Thursday, June 16, 2011

10 days out

Sometimes I feel like this kidney thing never happened. I am my usual full-of-adrenaline, I-can-do-anything self, like when I was up in front of a middle school auditorium yesterday morning, heading a PTA meeting, or selling myself to do a TV appearance for Stewardess last night.

And then I hit the wall.

As I sat in the principal's office after that long meeting, the room started to swim, I felt like I couldn't breathe, I needed to be home. I never ask for help, but I interrupted the conversation around me and ask if they could please get me a cab. Unsteady on my feet, I had to leave the building with my arms around 2 people and sit on stairs outside until a taxi appeared. Then, it was a 3 hour nap crash at home after which I never totally recovered.

Out of the blue (things like this happen in my life), I got an email from a producer asking if I'd be a talking head on a travel channel show about the golden age of stewardesses. We spoke for half an hour last night and, as I am with my projects, enthusiasm ran rampant for half an hour. I got off the phone shaking, laying in a daze until I could muster up strength to finish my night.

I've been coordinating dinners, going on dog walks, dropping people off at school, having animated conversations with just about everyone I know who can't believe I'm out and about, making plans, planning events, trips, meetings, birthdays (mine is Sunday, Iz's is next week), shopping for presents, living my life as if nothing's changed.

As if acting like I'm ok will make it ok.

But it doesn't.

My body was assaulted in a way it never was. I went through anesthesia for the first time. Had 4 days of heparin, antibiotics, a couple of days of morphine, even more of percocet. There were the anti-nausea drugs and stool softeners. I spent my time in the hospital getting no more than 2 or 3 hours of sleep at a time, without being woken up for blood pressure or temperature checks, or for some sort of drug dose.

Active is my default mode - I walk for miles because when you live in the city that's what you do. I have a vigorous vinyasa yoga practice and am (was) at my studio 4 days a week.

My body that's used to moving and sweating and stretching doesn't know what to do with this.

And my mind, that had found a grounded place before surgery, is spiraling out of control.

I've lost my center. I've lost my breath, my balance, the calm I'd found before being sliced open.

I've never been here before. I don't know how to do surgery recovery. And I'm finding I'm not very good at it.

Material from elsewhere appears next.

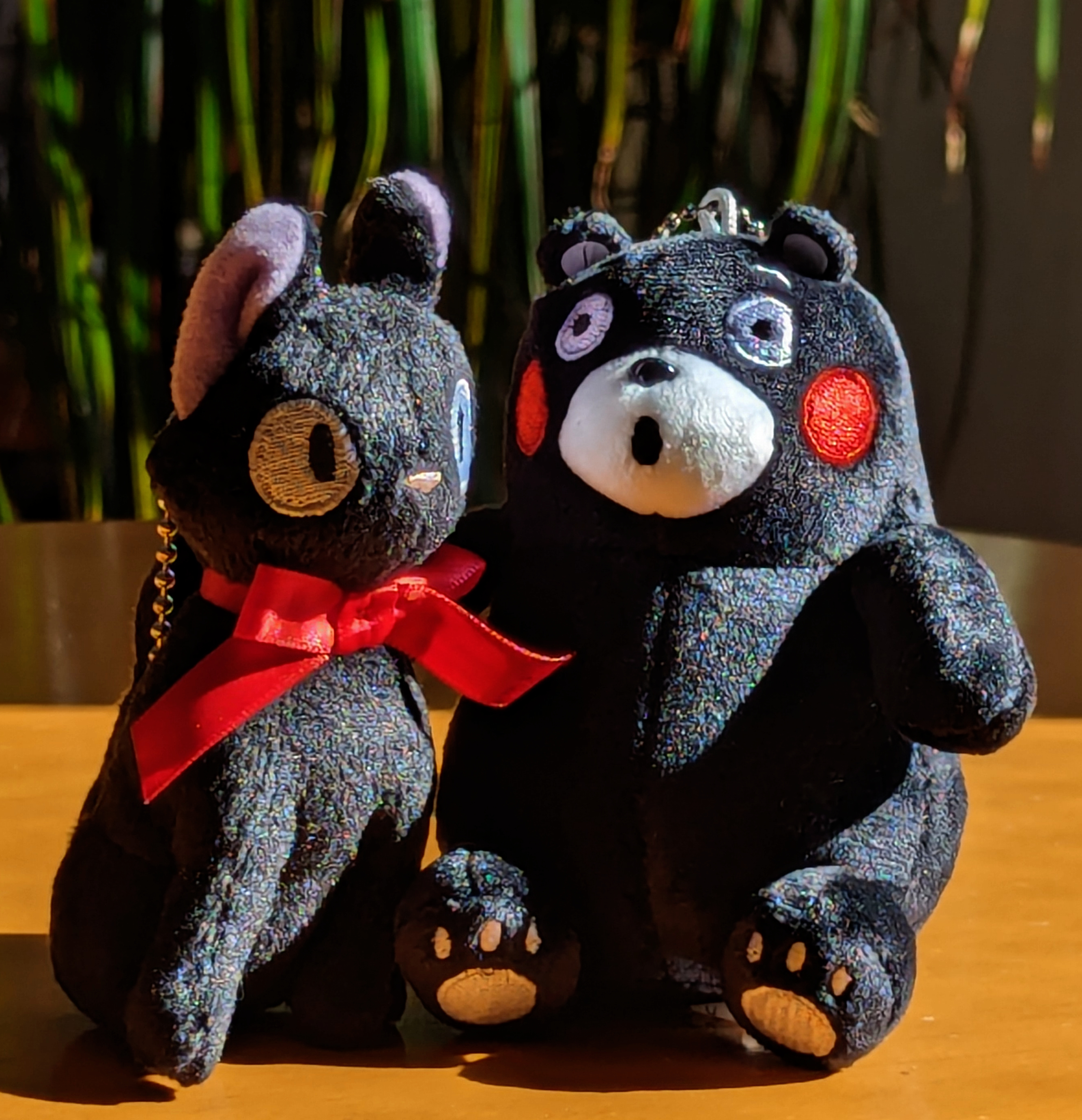 Kumon with friend (Jiji from Kiki's Delivery Service, courtesy of Ghibli Park:)[2] These little stuffed critters, some 3–4" (75–100mm) high, are very popular backpack or jacket decorations; I got these as souvenirs for the wizard:) pixel pro 6 cropped and value adjusted a bit.

Yes, every day is better. Yes, the swelling is going down. Yes, my mind is sharpening and I keep feeling more and more like myself.

But then I twist the wrong way. Or that fatigue throws me up against a wall. Or my brain can't put words together to finish a sentence. Or I panic because I don't know how to handle feeling this way and I don't have faith that I'll be fine in the end.

I'm tentative in everything I do. I'm walking cautiously through nervous, navigating this strange unknown where I'm fine and not fine at the same time.

I lost knowing that I'm ok in the here and now.

Or at least I've lost how to find that place for the moment.

But, there's the smallest of glimmers way, way down deep that I'll find my way back.